La Constitución Política en vigencia está a la raíz de la disfuncionalidad del Estado guatemalteco y, a menos que se reforme en aspectos como los aquí comentados, dentro de poco tiempo se tendrá una tercera gran crisis institucional (habiendo sido la de 1993 la primera). Comprendo que a muchos dé temor ir a una reforma más extensa de la Constitución, pero como no se haga del modo adecuado, dicha disfuncionalidad no se corregirá.

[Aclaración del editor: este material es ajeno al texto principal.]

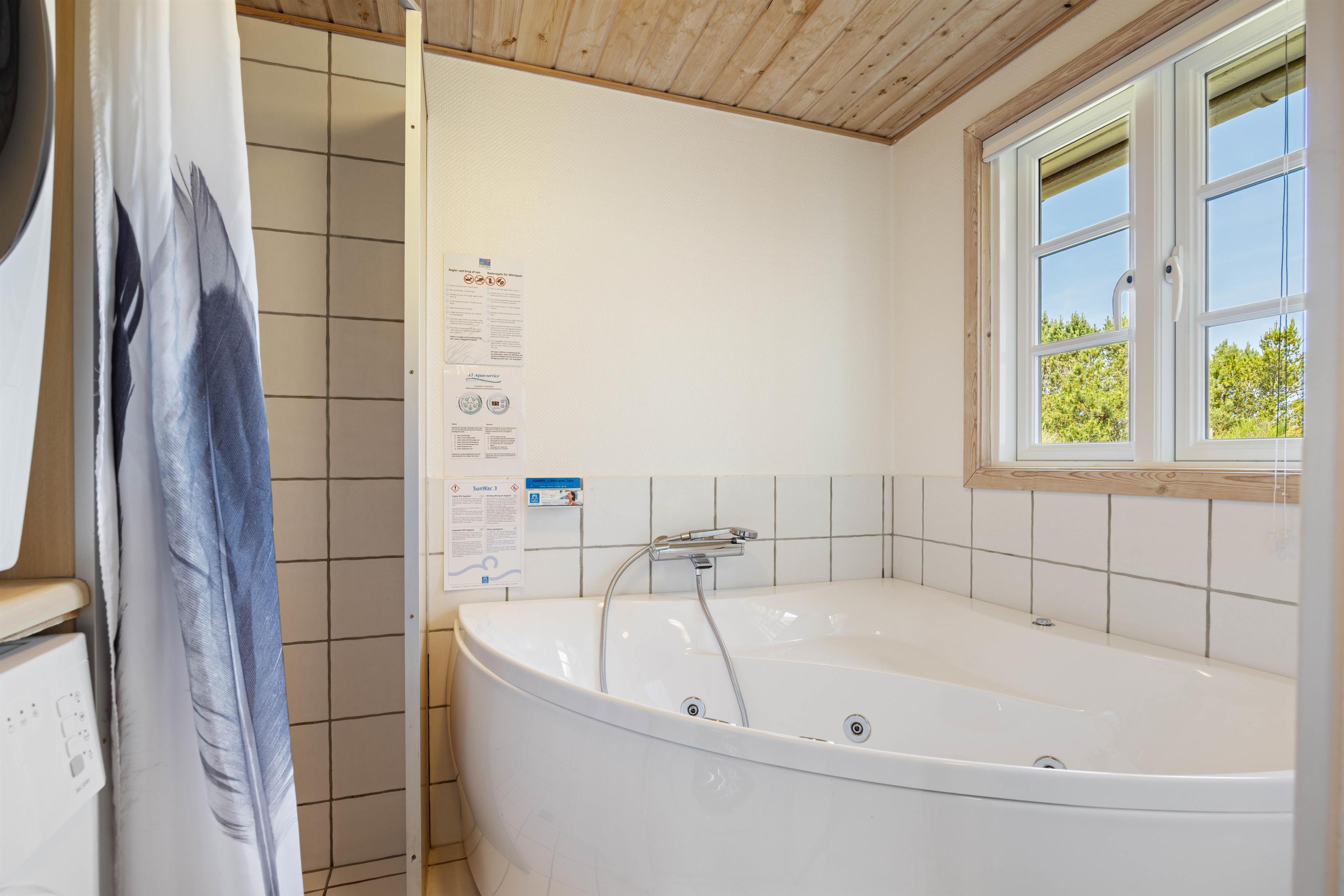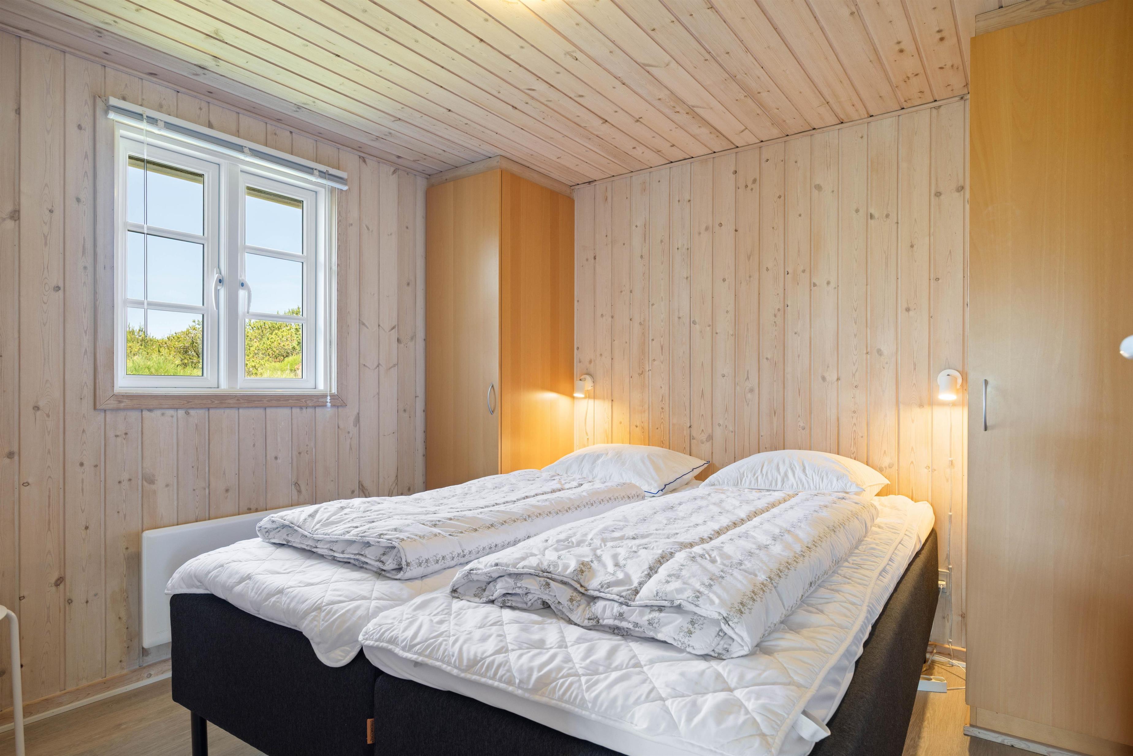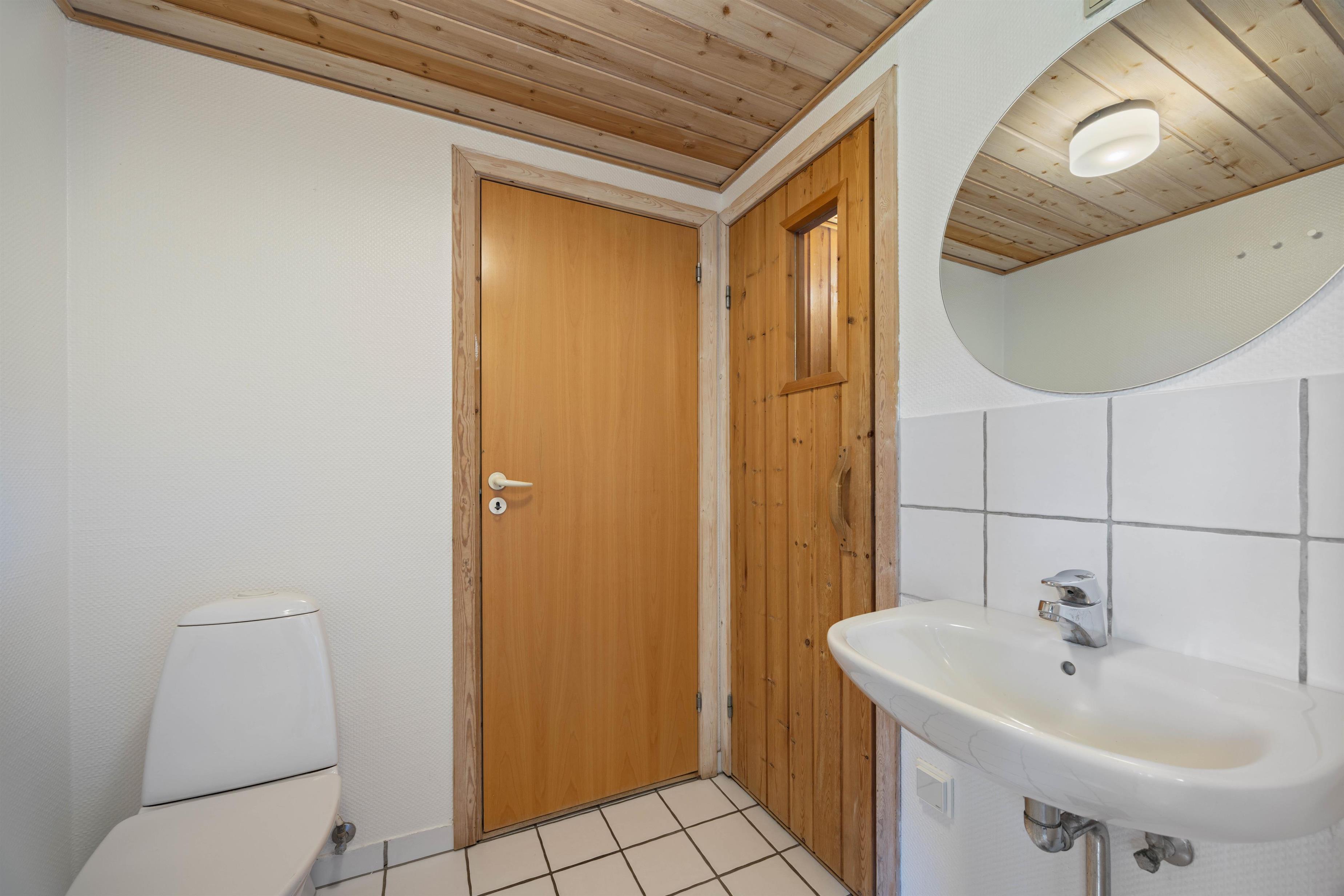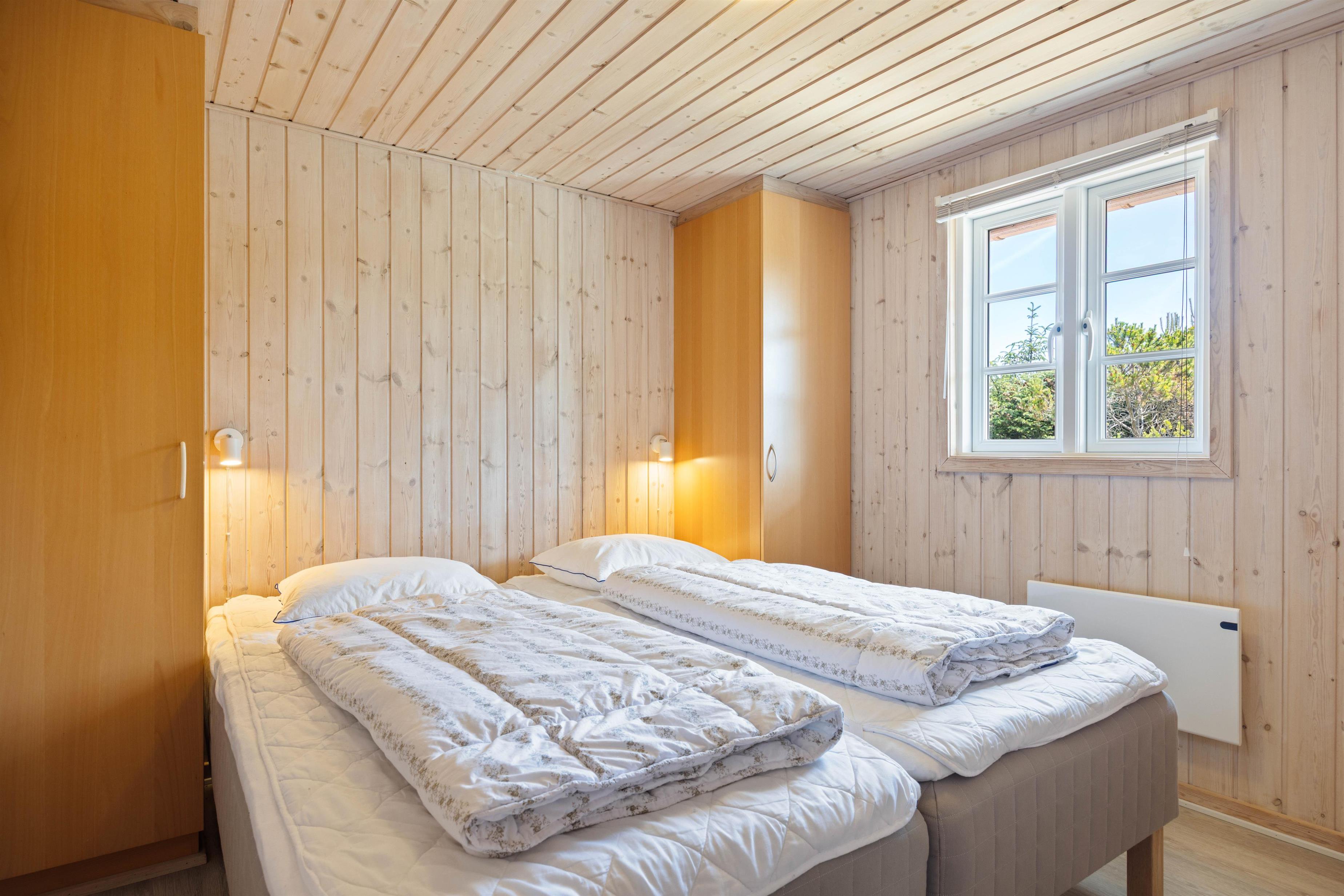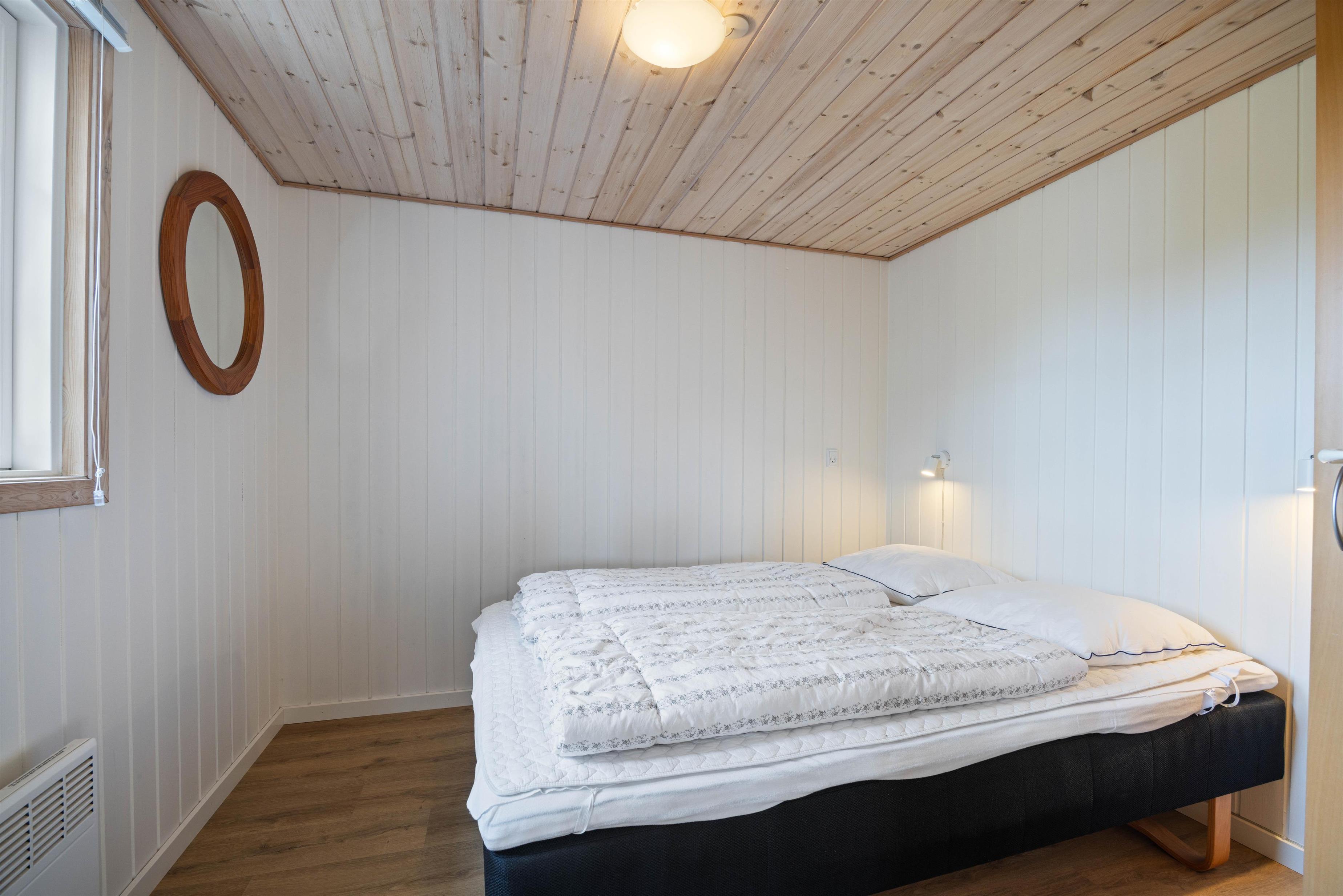 Sommerhusets 6 sovepladser er fordelt på 3 soveværelser med henholdsvis 3 dobbeltsenge. Soveværelserne har et roligt udtryk, som helt sikkert vil sørge for en rolig og afslappende nats søvn. Sommerhuset har både et badeværelse og et gæstetoilet med gulvarme, så I ikke behøver at stå i kø for at børste tænder om morgenen. På badeværelset finder I desuden en sauna og et spabad, som sørger for et ekstra afslappende element.

La obsesión por el desarrollo en sus múltiples facetas ha llevado a un “constitucionalismo romántico”, que impregna toda la Constitución y tiene su epítome en los Consejos de Desarrollo Urbano y Rural, que constituyen hoy en día una de las mayores fuentes de corrupción estatal. Las instituciones estatales deben comenzar por garantizar a los habitantes del Estado sus derechos fundamentales y por articular adecuadamente un proceso político que, paso a paso, según las preferencias ciudadanas se reflejen en cada momento en que les toque manifestarse, puedan o no ir abarcando más materias. Es absurdo que el Estado pretenda ofrecer a sus ciudadanos cosas como una Academia de Lenguas Mayas mientras deja que las maras los extorsionen, los aterroricen y, en el extremo, los asesinen.